To add data from a git repository, you can specify it via https or git+ssh URL schemes. For example,

$ renku dataset add my-dataset git+ssh://host.io/namespace/project.git

Sometimes you want to import just a specific path within the parent project. In this case, use the --target flag:

$ renku dataset add my-dataset --target relative-path/datafile \
    git+ssh://host.io/namespace/project.git

To trim part of the path from the parent directory, use the --relative-to option. For example, the command above will result in a structure like

data/
  my-dataset/
    relative-path/
      datafile

Using instead

$ renku dataset add my-dataset \
    --target relative-path/datafile \
    --relative-to relative-path \
    git+ssh://host.io/namespace/project.git

will yield:

data/
  my-dataset/
    datafile

Listing all files in the project associated with a dataset.

$ renku dataset ls-files
ADDED                AUTHORS    DATASET        PATH
-------------------  ---------  -------------  ---------------------------
2019-02-28 16:48:09  sam        my-dataset     ...my-dataset/addme
2019-02-28 16:49:02  sam        my-dataset     ...my-dataset/weather/file1
2019-02-28 16:49:02  sam        my-dataset     ...my-dataset/weather/file2
2019-02-28 16:49:02  sam        my-dataset     ...my-dataset/weather/file3

Sometimes you want to filter the files. For this we use --dataset, --include and --exclude flags:

$ renku dataset ls-files --include "file*" --exclude "file3"
ADDED                AUTHORS    DATASET     PATH
-------------------  ---------  ----------  ----------------------------
2019-02-28 16:49:02  sam        my-dataset  .../my-dataset/weather/file1
2019-02-28 16:49:02  sam        my-dataset  .../my-dataset/weather/file2

Unlink a file from a dataset:

$ renku dataset unlink my-dataset --include file1
OK

Unlink all files within a directory from a dataset:

$ renku dataset unlink my-dataset --include "weather/*"
OK

Unlink all files from a dataset:

$ renku dataset unlink my-dataset
Warning: You are about to remove following from "my-dataset" dataset.
.../my-dataset/weather/file1
.../my-dataset/weather/file2
.../my-dataset/weather/file3
Do you wish to continue? [y/N]:

Note

The unlink command does not delete files, only the dataset record.

renku run

Track provenance of data created by executing programs.

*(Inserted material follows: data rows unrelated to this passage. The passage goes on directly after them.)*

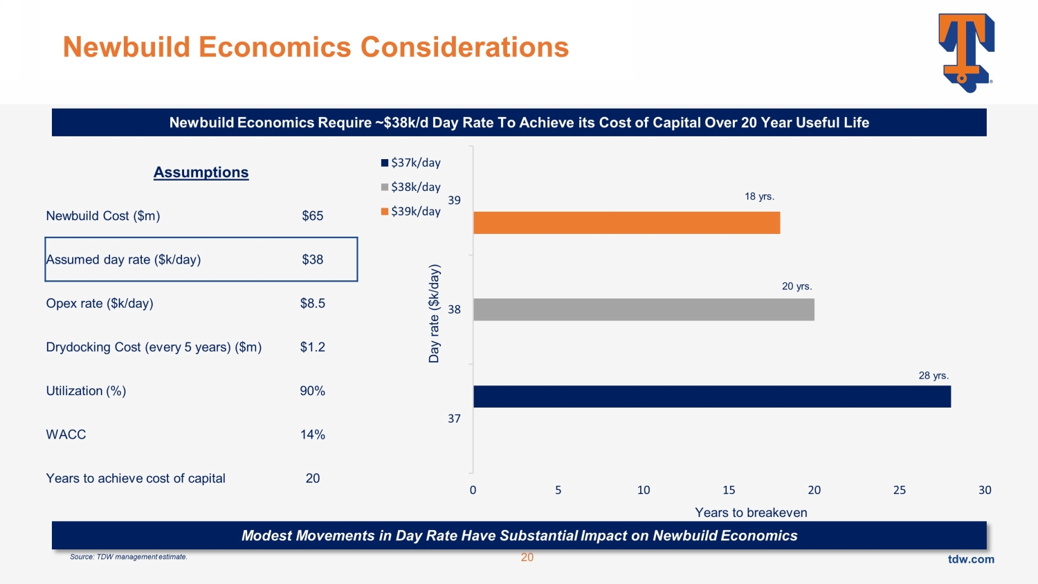 tdw.com tdw.com Newbuild Economics Considerations Assumptions Newbuild Cost ($m) $65 Assumed day rate ($k/day) $38 Opex rate ($k/day) $8.5 Drydocking Cost (every 5 years) ($m) $1.2 Utilization (%) 90% WACC 14% Years to achieve cost of capital 20 Newbuild Economics Require ~$38k/d Day Rate To Achieve its Cost of Capital Over 20 Year Useful Life 20 Source: TDW management estimate. 0 5 10 15 20 25 30 37 38 39 $37k/day $38k/day $39k/day Years to breakeven 28 yrs. Day rate ($k/day) 20 yrs. 18 yrs. Modest Movements in Day Rate Have Substantial Impact on Newbuild Economics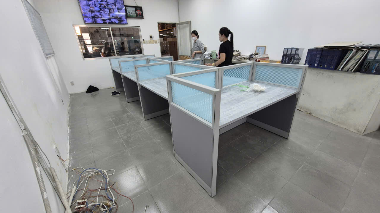 Cụm bàn này không chỉ là những chiếc bàn ghép lại. Nó là một hệ thống thống nhất với sự kết hợp bàn làm việc và vách ngăn văn phòng được thiết kế yêu cầu: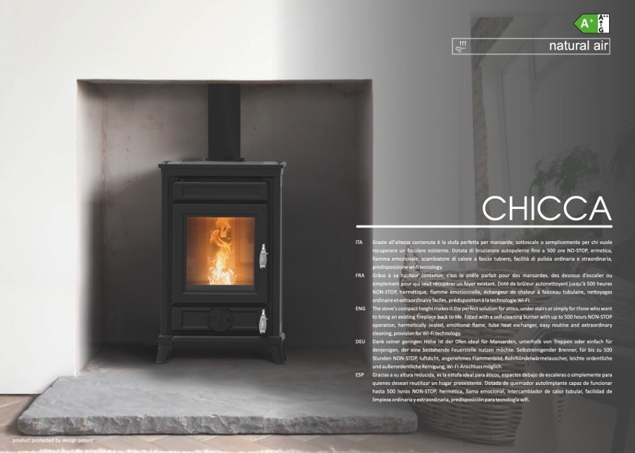 ENG The stove's compact height makes it the perfect solution for attics, under stairs or simply for those who want
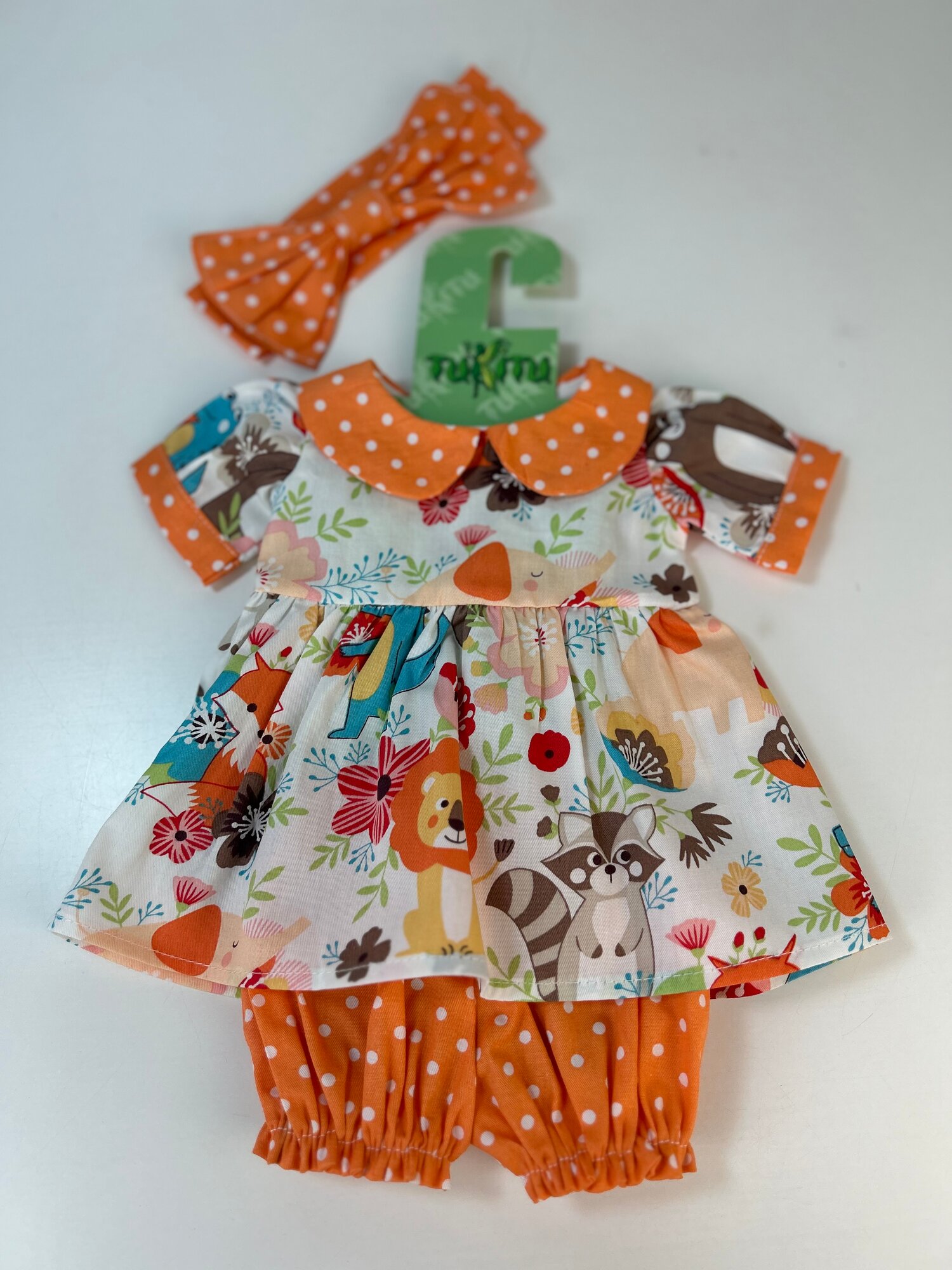 Комплект одежды "Зверушки" для пупсов 43-47 см: платье, штанишки, бант, арт. 121 интересное: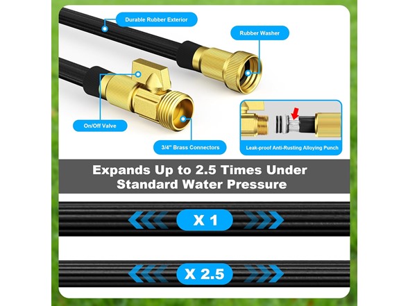 - No More Leaks -- The water pipe is equipped with 3/4-inch standard solid brass fittings and leak-proof rubber washers, capable of withstanding high water pressure. Therefore, you don't have to worry about the hose rusting, leaking, or bursting. This hose can be interconnected to achieve longer lengths as needed, such as 150 feet, 200 feet, and so on.
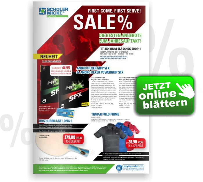 Bei Fragen zu den einzelnen Produkten beraten wir Euch gerne persönlich an unseren beiden Standorten, telefonisch unter 030 – 400 43 777 oder per Email an info@tischtennis-shop-berlin.de. Die Öffnungszeiten und Anfahrtsskizzen findest Du hier.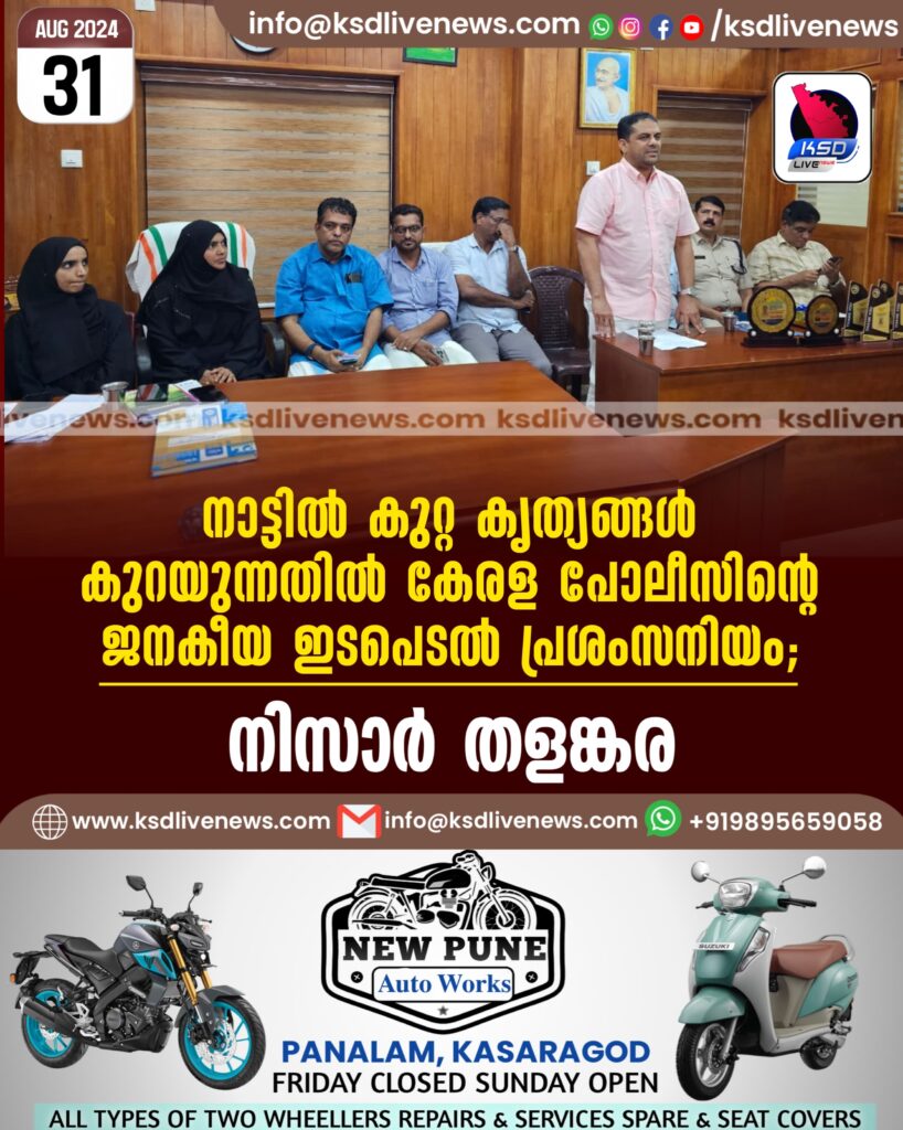 നാട്ടിൽ കുറ്റ കൃത്യങ്ങൾ കുറയുന്നതിൽ കേരള പോലീസിന്റെ ജനകീയ ഇടപെടൽ പ്രശംസനിയം ; നിസാർ തളങ്കര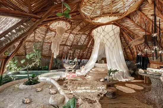 Welcome to the luxurious tree house for adults, an eco-friendly hotel with a boho lux design. For evening drinks, move to the upper floor bar where the Alice In Wonderland world awaits. A maze of handmade wooden paths twist and turn in between the treetops. Push your way through wooden hobbit style doors that open up to rooms finished with polished concrete floors and walls. Step outside into the jungle and sit in the huge ‘bird’s’ nest filled with cushions: the perfect place to gaze at the Mexican sunset, cocktail in hand.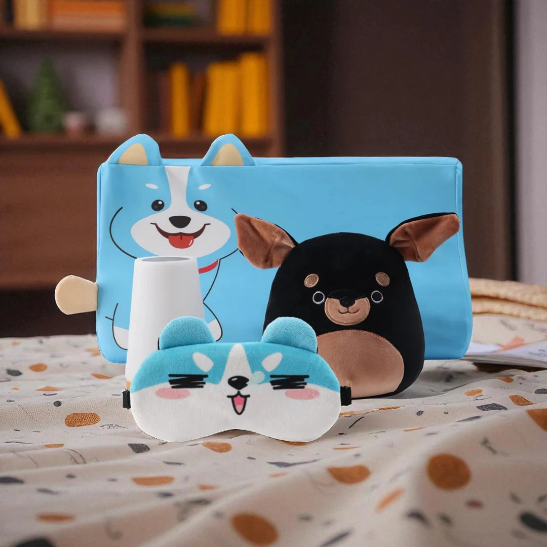 Creëer een compleet avondritueel dat je kindje helpt ontspannen, tot rust te komen en veilig in slaap te vallen. De HappySleep Premium Slaapbundel combineert een zacht kussen, een knuffelvriendje, een schattig slaapmasker én een rustgevend nachtlampje met 7 zachte kleuren – allemaal in een vrolijk hondendesign. Samen zorgen ze voor geborgenheid, herkenning en een ontspannen overgang naar bedtijd.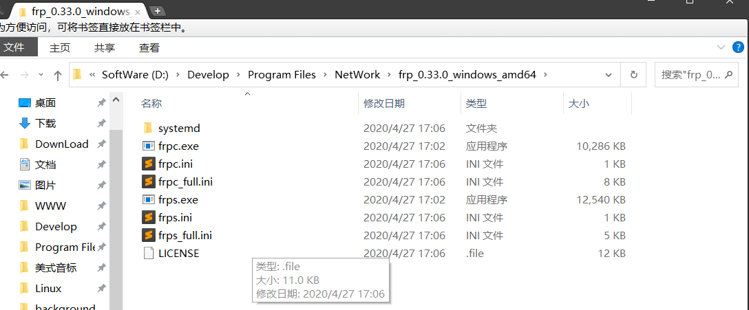 2、将frp_0.33.0_windows_amd64.zip解压至任意目录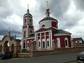 Трёхпрестольный храм в форме «корабль» построен в 1836 году в стиле зрелого классицизма. Состоит из четверика с куполом, трапезной и колокольни. Имеет статус памятника архитектуры федерального значения.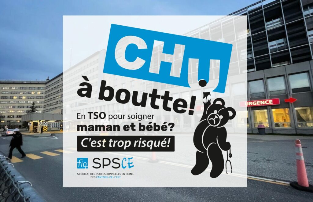 La campagne « CHU à boutte! » a été lancée au printemps 2025 par des professionnelles en soins de la maternité de l’Hôpital Fleurimont. Épuisées par le TSO abusif imposé par leur employeur et après des mois de démarches infructueuses, elles ont commencé à porter un autocollant sur leur uniforme et à apposer quelques affiches pour dénoncer la situation. Rapidement, la direction du CIUSSS de l’Estrie – CHUS s’est opposée à leur campagne de visibilité en tentant tout d’abord de l’encadrer, puis en interdisant toute forme d’affichage et en menaçant l’équipe de sanctions disciplinaires.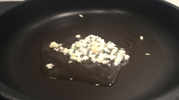 Sartén a fuego alto (8/10) pon a sofreír un par de ajos picados.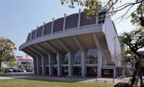 村野の戦後作品には,戦前の『宇部市渡辺翁記念会館』(1937年)のように建築全体をタイルが覆い尽くすような作品は少なくなり,コンクリートとの組み合わせを積極的に展開している。『米子市公会堂』(1958年,写真-4)では打ち放しコンクリートの柱と梁に対し,ボーダーの枠組みを伴ったタイルが使われているが,『世界平和記念聖堂』で採用した煉瓦の延長上にタイルが位置付けられていることがわかる。この手法は『横浜市庁舎』(1959年)や『関西大学図書館(現 簡文館)』(1955年),そして『早稲田大学文学部校舎』(1962年)などに継承されている。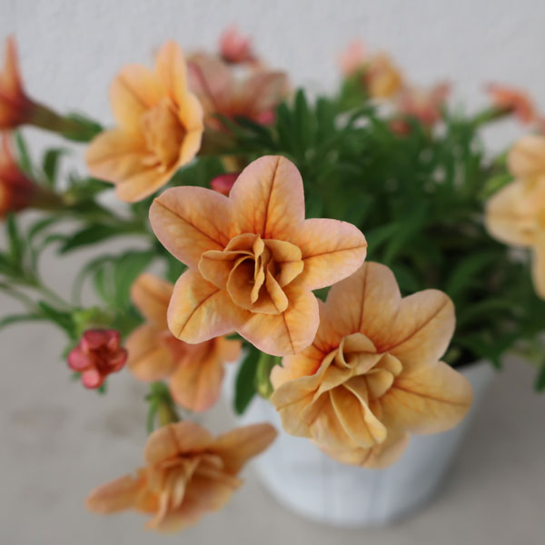人気の八重咲きカリブラコア。ウノシリーズはカンタンに育ち、花がらを摘む手間が要らないのが魅力です。ペチュニアの八重品種に比べ、花がたくさん咲き、雨にも強いです。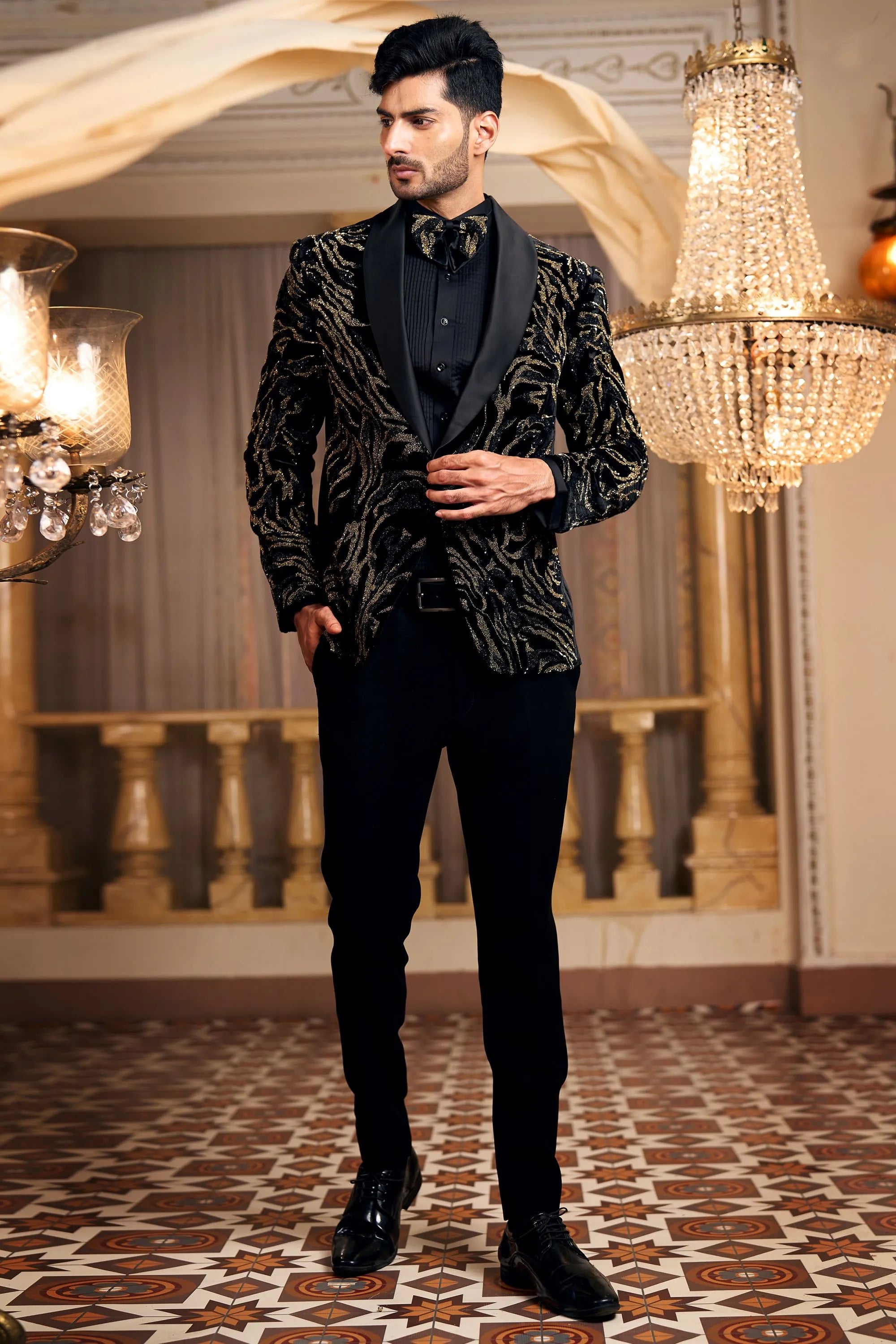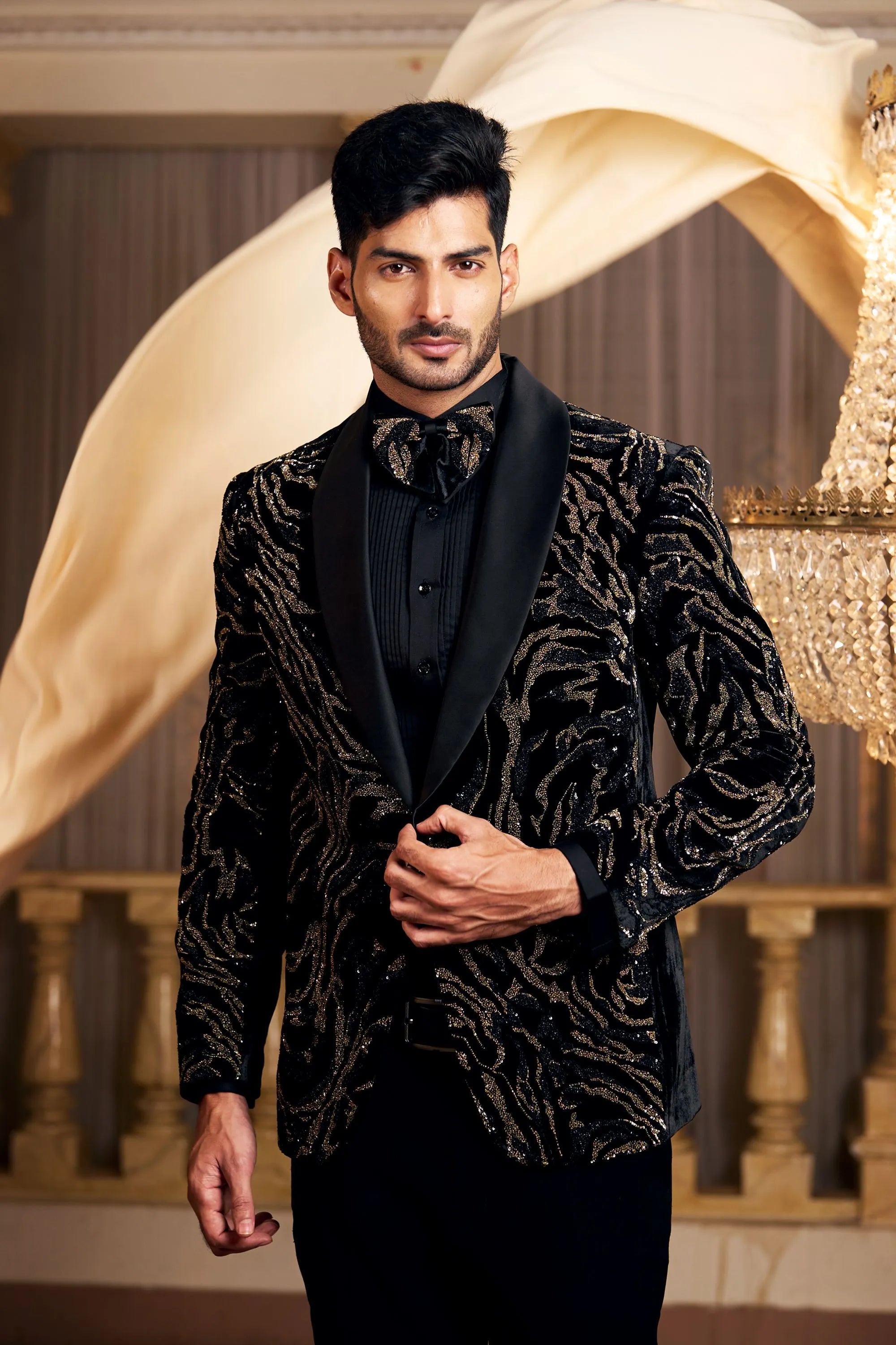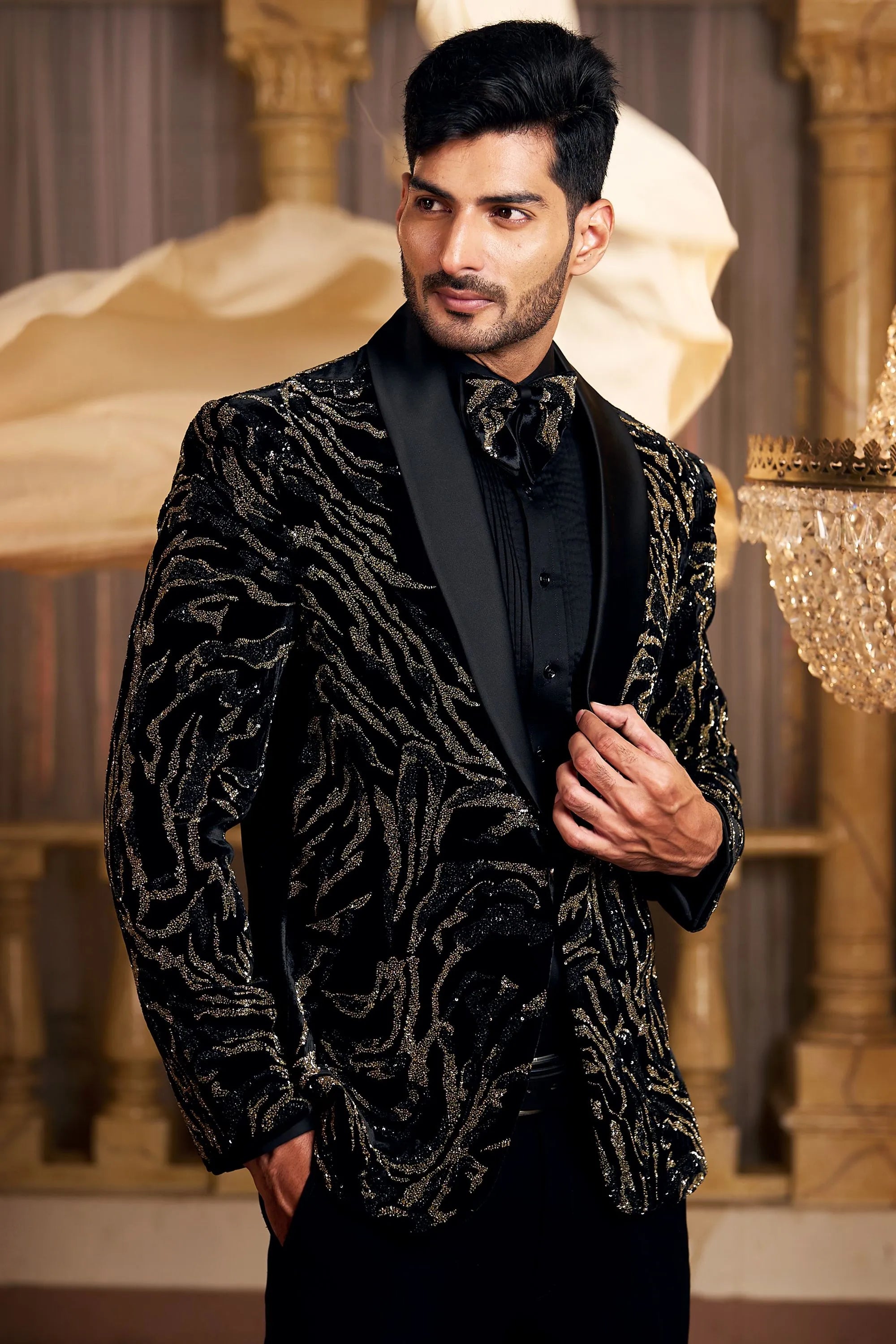 This black silk velvet tuxedo features a bold golden tiger-skin stroke pattern, elevated with 3D hand embroidery for a fierce, luxurious finish. Completed with a satin shawl-collar lapel, it delivers a powerful statement for high-impact evening wear. Paired with embroidered bow

Capture command line execution

Tracking execution of your command line script is done by simply adding the renku run command before the actual command. This will enable detection of:

  • arguments (flags),
  • string and integer options,
  • input files or directories if linked to existing paths in the repository,
  • output files or directories if modified or created while running the command.

Note

If there were uncommitted changes in the repository, then the renku run command fails. See git status for details.

Warning

Input and output paths can only be detected if they are passed as arguments to renku run.

Detecting input paths

Any path passed as an argument to renku run, which was not changed during the execution, is identified as an input path. The identification only works if the path associated with the argument matches an existing file or directory in the repository.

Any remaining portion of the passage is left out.